TASK TO CARRY OUT: Every line below needs to be printed again exactly, without any of its pictures.

EXERCISE MATERIALS:
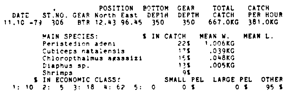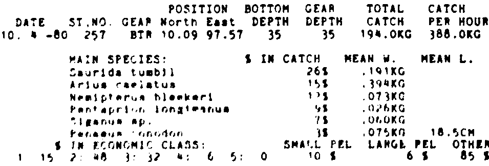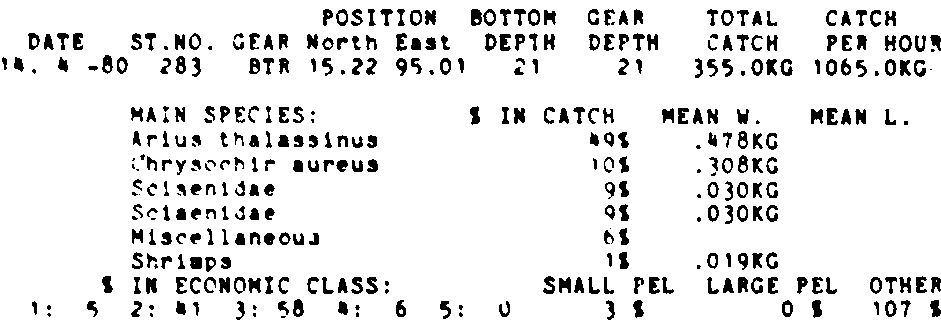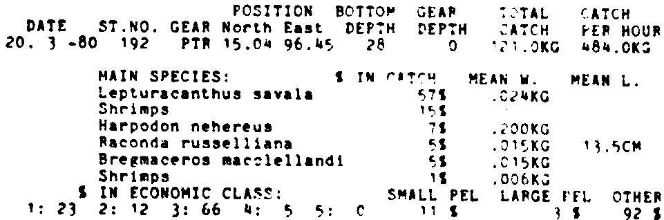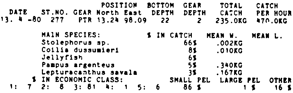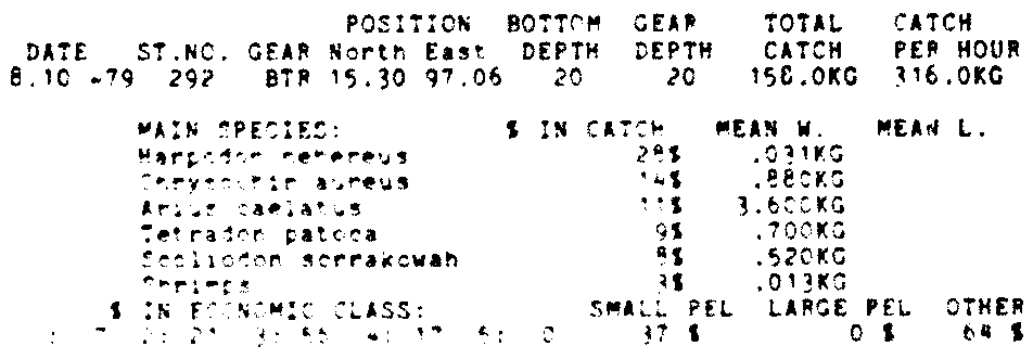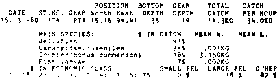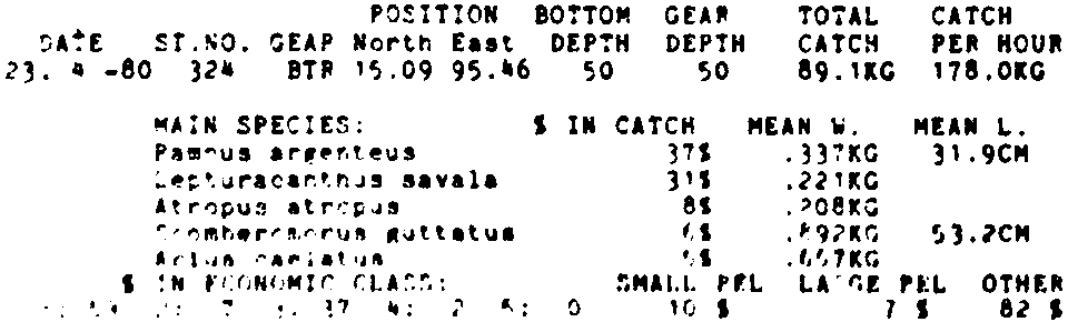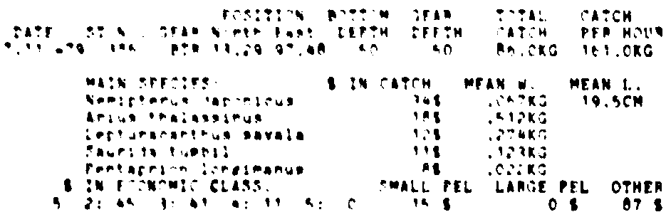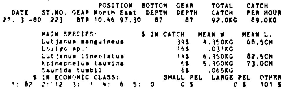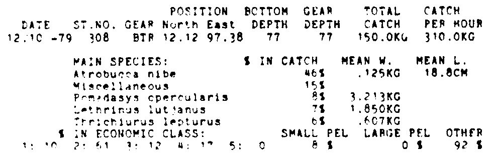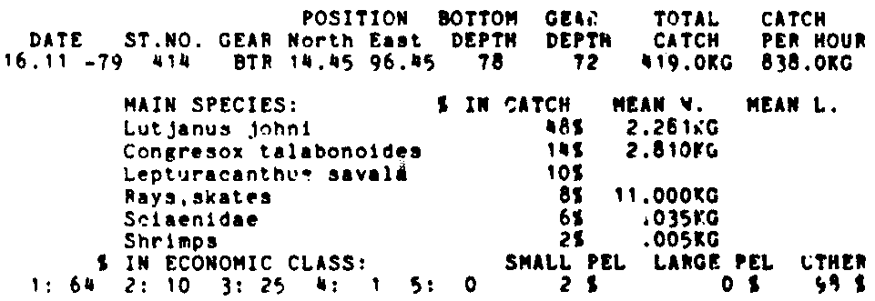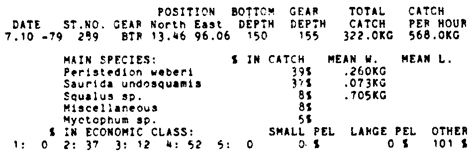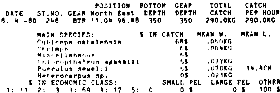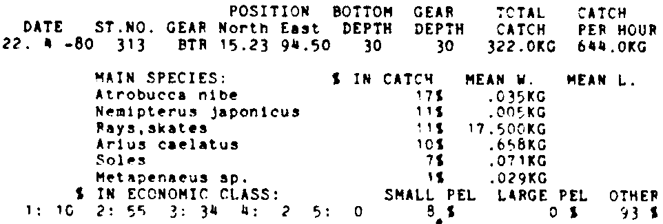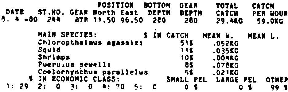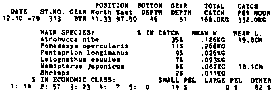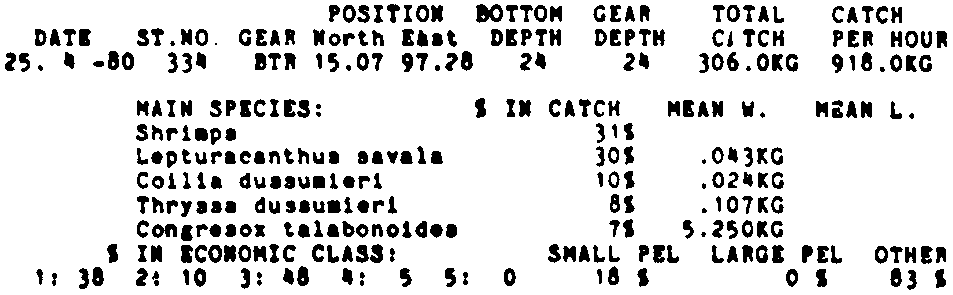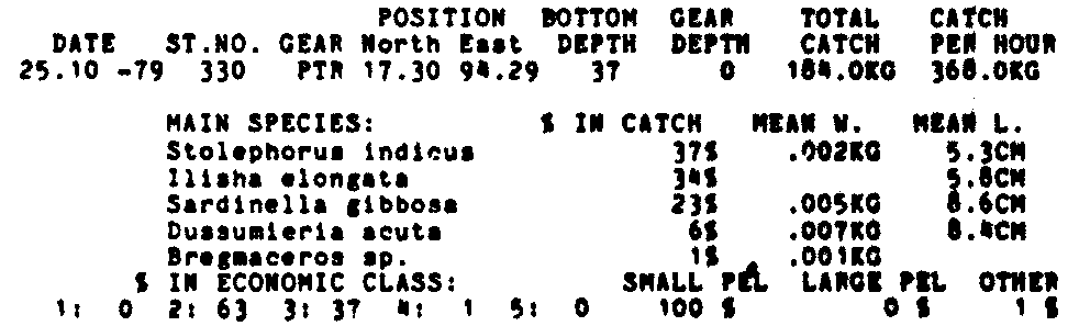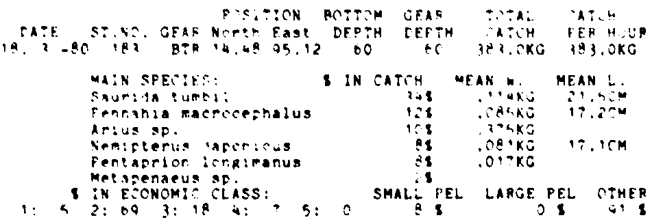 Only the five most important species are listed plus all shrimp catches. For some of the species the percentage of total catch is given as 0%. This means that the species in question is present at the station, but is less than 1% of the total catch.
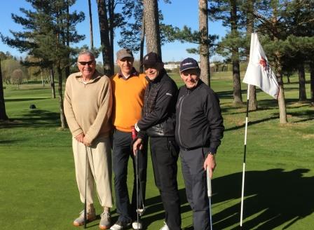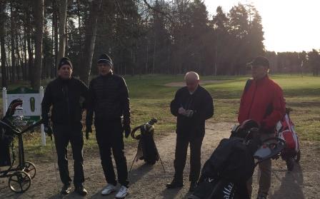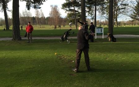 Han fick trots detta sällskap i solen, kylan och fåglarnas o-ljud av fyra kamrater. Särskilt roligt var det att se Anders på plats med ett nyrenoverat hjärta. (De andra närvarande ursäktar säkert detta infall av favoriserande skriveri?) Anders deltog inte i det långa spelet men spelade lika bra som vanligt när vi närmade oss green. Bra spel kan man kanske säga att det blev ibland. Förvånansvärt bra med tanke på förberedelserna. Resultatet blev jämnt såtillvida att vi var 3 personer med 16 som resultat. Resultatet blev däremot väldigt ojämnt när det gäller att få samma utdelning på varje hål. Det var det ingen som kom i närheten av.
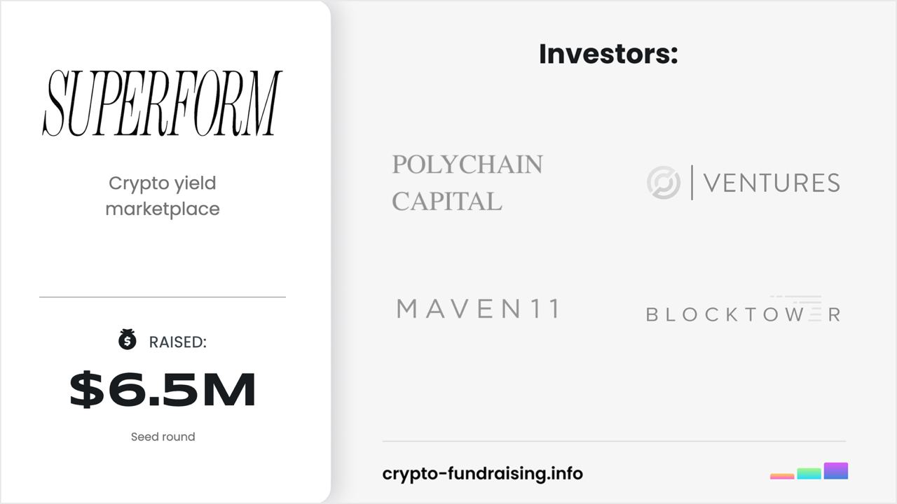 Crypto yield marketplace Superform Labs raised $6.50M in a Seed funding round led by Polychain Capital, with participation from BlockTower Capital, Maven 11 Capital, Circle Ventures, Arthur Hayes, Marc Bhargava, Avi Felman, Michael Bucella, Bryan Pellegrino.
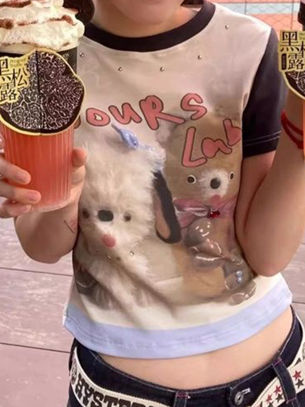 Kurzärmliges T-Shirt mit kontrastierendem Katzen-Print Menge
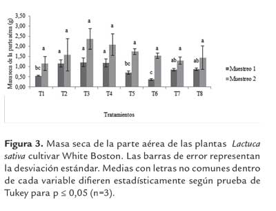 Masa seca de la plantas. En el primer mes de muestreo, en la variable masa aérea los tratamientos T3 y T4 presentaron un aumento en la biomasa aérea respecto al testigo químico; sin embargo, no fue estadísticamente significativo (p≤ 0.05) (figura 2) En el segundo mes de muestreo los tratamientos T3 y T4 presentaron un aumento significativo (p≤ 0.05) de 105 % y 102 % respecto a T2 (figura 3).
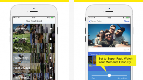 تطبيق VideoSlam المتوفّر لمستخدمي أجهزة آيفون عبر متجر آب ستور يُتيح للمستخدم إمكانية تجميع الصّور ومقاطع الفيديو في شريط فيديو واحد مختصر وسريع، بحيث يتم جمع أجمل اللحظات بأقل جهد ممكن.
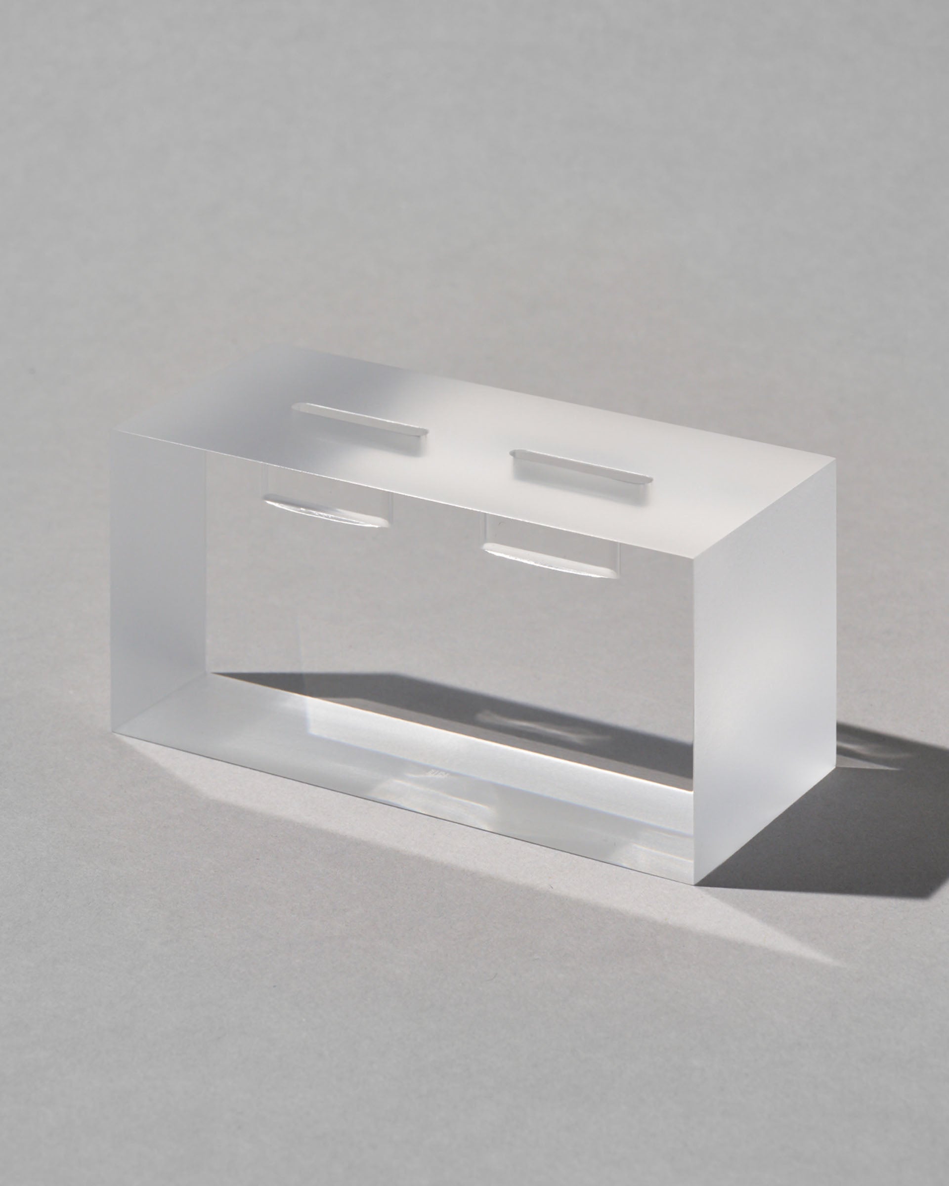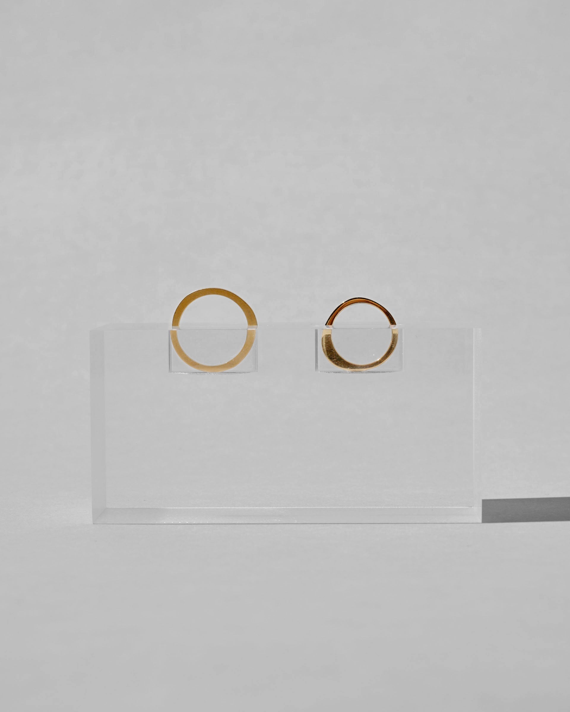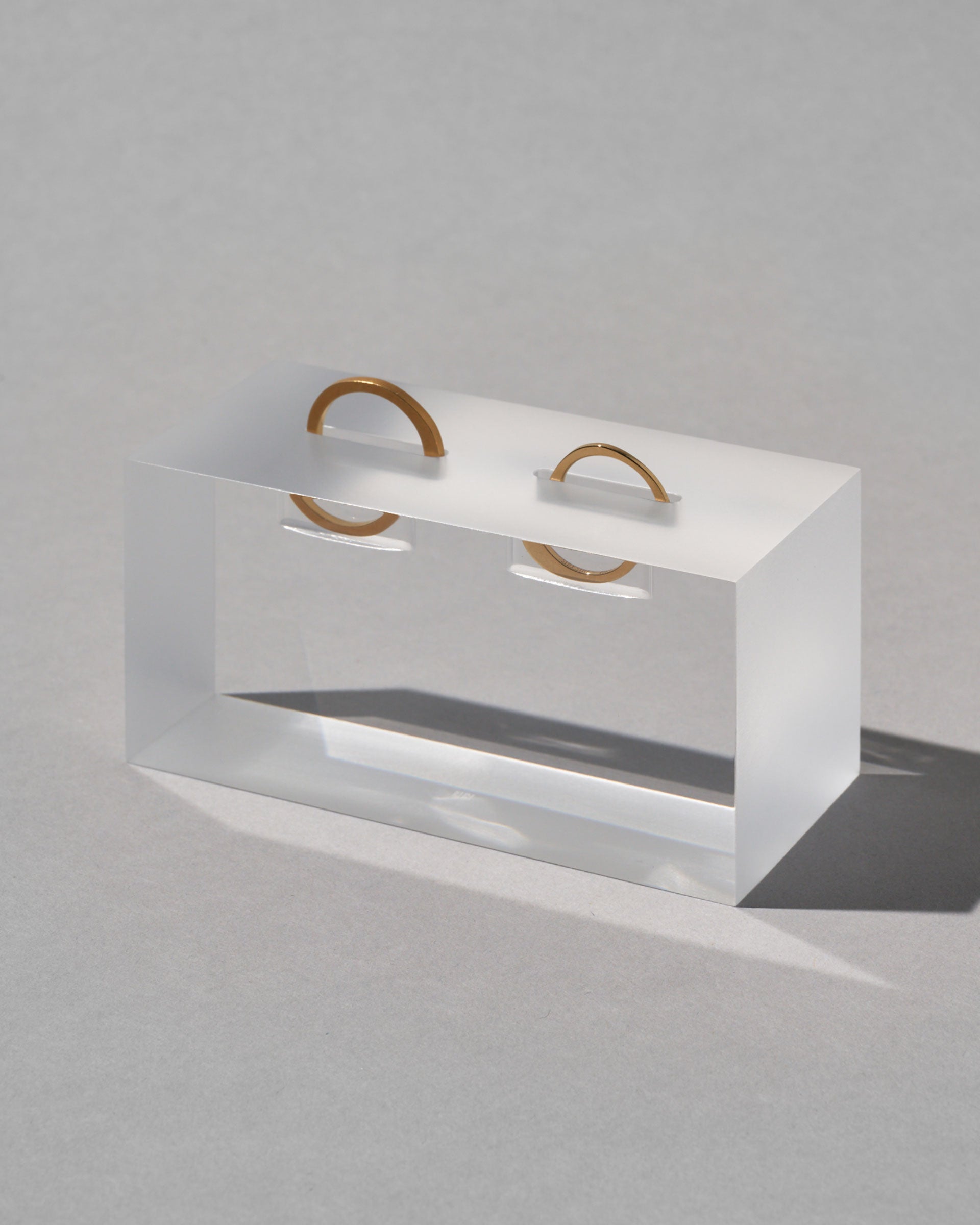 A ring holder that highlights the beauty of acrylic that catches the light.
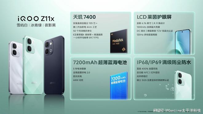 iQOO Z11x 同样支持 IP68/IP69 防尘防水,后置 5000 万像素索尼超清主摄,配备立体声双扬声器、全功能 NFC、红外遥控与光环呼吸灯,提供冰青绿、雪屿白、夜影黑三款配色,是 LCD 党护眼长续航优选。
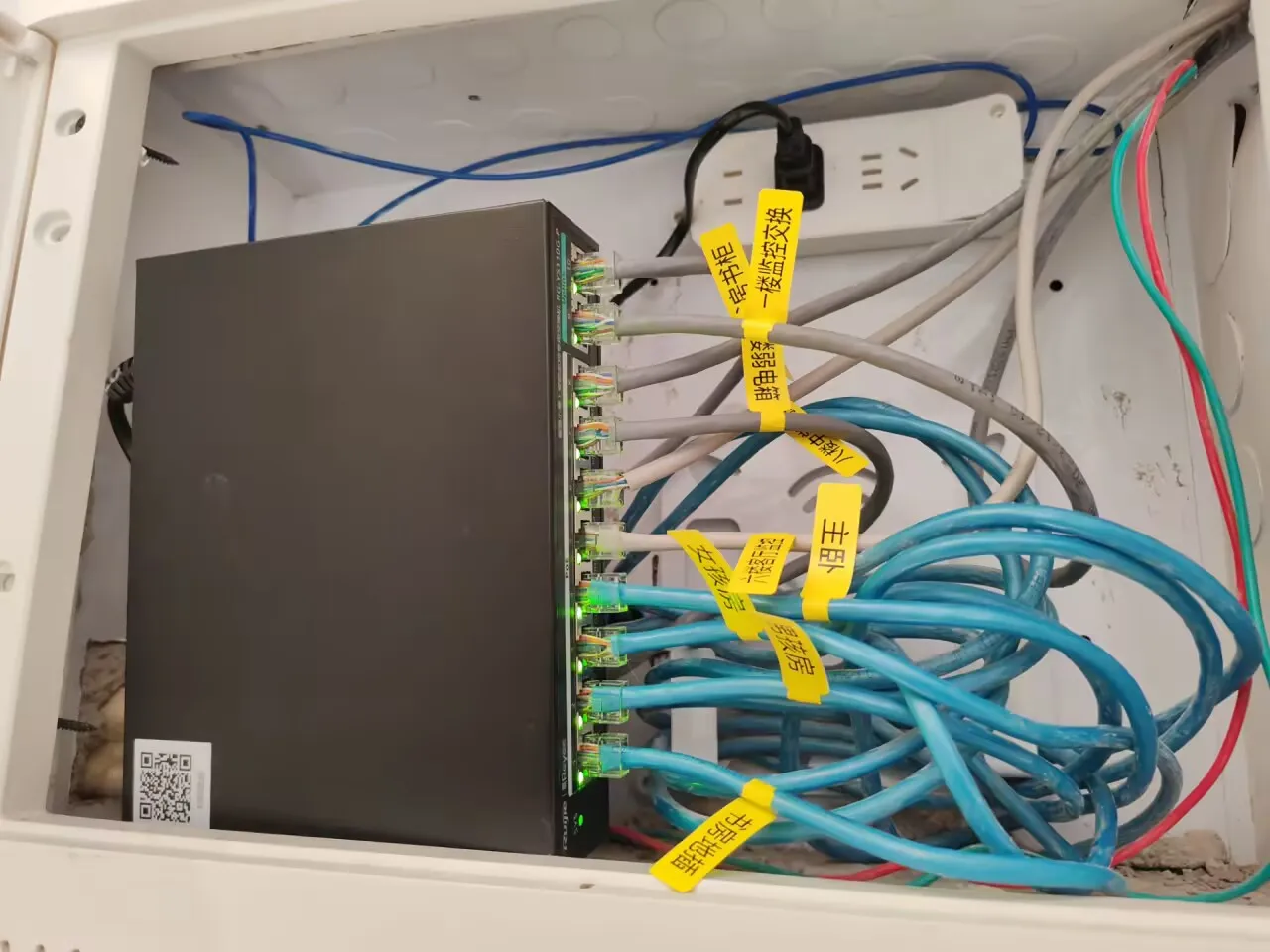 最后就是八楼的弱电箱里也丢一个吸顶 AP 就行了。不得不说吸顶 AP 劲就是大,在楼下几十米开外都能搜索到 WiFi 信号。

RESPONSE TO THIS TASK:
 Only the five most important species are listed plus all shrimp catches. For some of the species the percentage of total catch is given as 0%. This means that the species in question is present at the station, but is less than 1% of the total catch.
 Han fick trots detta sällskap i solen, kylan och fåglarnas o-ljud av fyra kamrater. Särskilt roligt var det att se Anders på plats med ett nyrenoverat hjärta. (De andra närvarande ursäktar säkert detta infall av favoriserande skriveri?) Anders deltog inte i det långa spelet men spelade lika bra som vanligt när vi närmade oss green. Bra spel kan man kanske säga att det blev ibland. Förvånansvärt bra med tanke på förberedelserna. Resultatet blev jämnt såtillvida att vi var 3 personer med 16 som resultat. Resultatet blev däremot väldigt ojämnt när det gäller att få samma utdelning på varje hål. Det var det ingen som kom i närheten av.
 Crypto yield marketplace Superform Labs raised $6.50M in a Seed funding round led by Polychain Capital, with participation from BlockTower Capital, Maven 11 Capital, Circle Ventures, Arthur Hayes, Marc Bhargava, Avi Felman, Michael Bucella, Bryan Pellegrino.
 Kurzärmliges T-Shirt mit kontrastierendem Katzen-Print Menge
 Masa seca de la plantas. En el primer mes de muestreo, en la variable masa aérea los tratamientos T3 y T4 presentaron un aumento en la biomasa aérea respecto al testigo químico; sin embargo, no fue estadísticamente significativo (p≤ 0.05) (figura 2) En el segundo mes de muestreo los tratamientos T3 y T4 presentaron un aumento significativo (p≤ 0.05) de 105 % y 102 % respecto a T2 (figura 3).
 تطبيق VideoSlam المتوفّر لمستخدمي أجهزة آيفون عبر متجر آب ستور يُتيح للمستخدم إمكانية تجميع الصّور ومقاطع الفيديو في شريط فيديو واحد مختصر وسريع، بحيث يتم جمع أجمل اللحظات بأقل جهد ممكن.
 A ring holder that highlights the beauty of acrylic that catches the light.
 iQOO Z11x 同样支持 IP68/IP69 防尘防水,后置 5000 万像素索尼超清主摄,配备立体声双扬声器、全功能 NFC、红外遥控与光环呼吸灯,提供冰青绿、雪屿白、夜影黑三款配色,是 LCD 党护眼长续航优选。
 最后就是八楼的弱电箱里也丢一个吸顶 AP 就行了。不得不说吸顶 AP 劲就是大,在楼下几十米开外都能搜索到 WiFi 信号。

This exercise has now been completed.